Why accelerate
Well, we have neural networks, they are awesome, they work but there’s a problem. THEY ARE HUGE. We scaled from a hundred of millions of parameters to hundred of BILLIONS. This problem makes using neural networks in real life quite hard as you normally don’t have this huge computational capabilities to run them anywhere.
Neural networks have proven to be a very valuable tool in scenarios where the transformation from inputs to outputs is unknown. Suppose you are asked to write an algorithm to classify an image if it’s a cat or a dog, how would you do that ? Well first you might ask yourself, “what makes an image a cat?”. Answering this question is incredibly hard because a vast amount of cases to cover in order to have your algorithm generalizable.
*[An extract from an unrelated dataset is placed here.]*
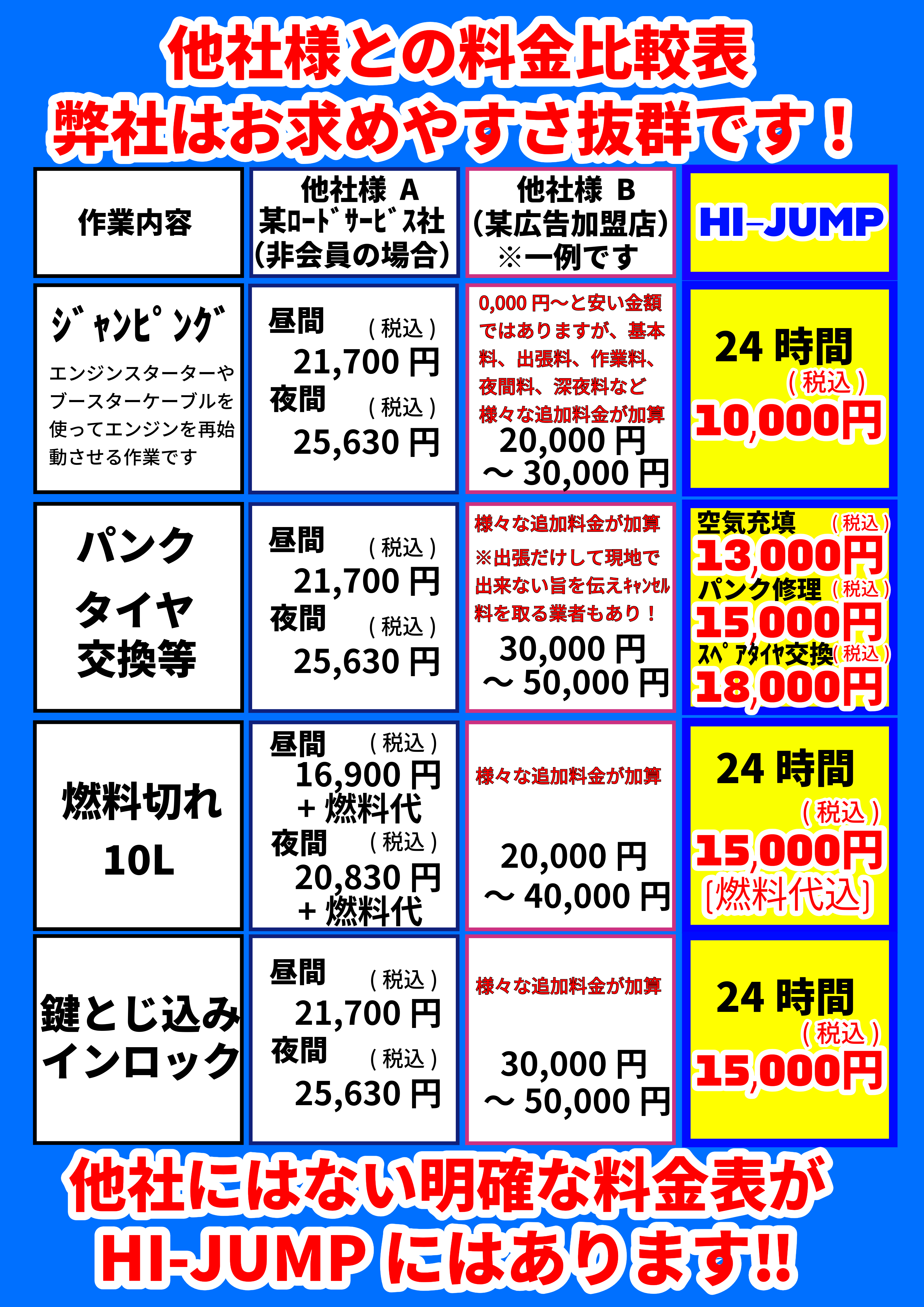 『HI-JUMP』は、突然のバッテリー上がりでお困りのお客様に対し、迅速なジャンピング作業やご希望に応じた出張でのバッテリー交換を提供するサービスです。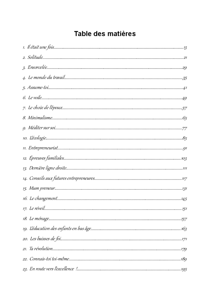 La lecture de ton livre m’a délivré de l’engrenage dans lequel je me trouvait depuis quelques années, j’allais de psychologue en thérapeute ne trouvant personne pour comprendre mon mal-être. La dernière psychologue que je suivait fut choquée de voir la détermination que j’ai eu à lui dire ça y’es j’arrête TouT!!! elle m’a d’ailleurs demandé le livre que j’avais tjrs dans mon sac je lui ai prêté elle ne me l’a jamais rendu🙂 mais hamdoulilah ce livre la appris La RESILIENCE et la détermination.

This is where neural networks shine; Given an input $ x_{i} $ with its respective label $ y_{i}$ you can use a neural network model with a set of parameters $\theta$ denoted by $ M(\theta) $ to approximate $y_{i} = f(x_{i})$. Normally with enough data you can get a very good estimate of $f$. However, this comes at a huge cost, training and running these large networks is expensive in terms of time and memory because of the huge amount of parameters that you need to learn to get the best approximation, this makes these models hard to use in real life scenarios. Also, the recent trend of models getting bigger and bigger in order to get better performance is making this problem even harder.